I am in Melbourne on a Tourist visa. I'd like to convert that into 457 visa or any other workable situation that allows me to stay back in the country legally and work. I have few questions I am looking for:
1. I have a first cousin living here for past several years and is PR, can he sponsor me? If yes, then what is that sponsorship called and how do we go about it? Can anyone guide me to it? 
2. Any suggestions on where to start from to look for a job? I come with 8 years of Training industry experience coupled with business management and client acquisition. 
3. If I find volunteer jobs to earn some pennies while in the country before I get a real job, would that mean that I violate my visa status? I'm on subclass 676 with no work and 3 months study conditions on it. 

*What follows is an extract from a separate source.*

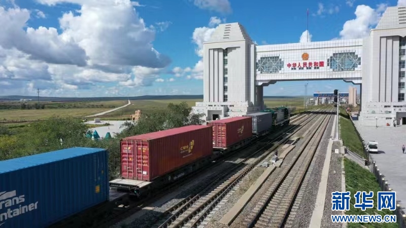 中歐班列駛出滿洲里國門。新華網(wǎng)發(fā) (李新軍 攝)
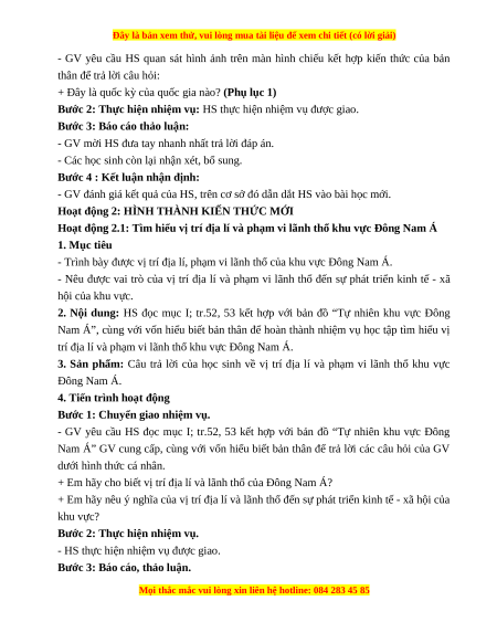 Hoạt động 2.1: Tìm hiểu vị trí địa lí và phạm vi lãnh thổ khu vực Đông Nam Á 1. Mục tiêu

Thanks so much in advance for your help. I really wish to stay back here. Any guidance pointed out in right direction is highly appreciated.


----------



## Redback (Oct 26, 2009)

Here is some information from our Immigration....

Sponsored Family Visitor visa (Subclass 679)


----------



## Rekhaa (Dec 29, 2012)

Thanks Redback. I am already in Melbourne on Subclass 676 visa. 
I'm looking to convert that into 457 visa or trying to find ways to have some sponsorship to stay back in the country so I can have work rights. It hasn't been easy so far to get a job here hence seeking suggestions this forum. 
Any suggestions?


----------



## Quinnaroo (Mar 19, 2013)

Rekhaa said:


> Hi All
> 
> I am in Melbourne on a Tourist visa. I'd like to convert that into 457 visa or any other workable situation that allows me to stay back in the country legally and work. I have few questions I am looking for:
> 1. I have a first cousin living here for past several years and is PR, can he sponsor me? If yes, then what is that sponsorship called and how do we go about it? Can anyone guide me to it?
> ...


Sorry for the late response, but hopefully I can help others if not you!

1) You need to get sponsored by an employer.

2) " 8 years of Training industry experience coupled with business management and client acquisition. " sounds like experience that could do the trick. Start at seek (biggest job site in Australia - most useful for Australians but with a 457 visa thats exactly who you are competing with.

Hope that helps!

Quinn


----------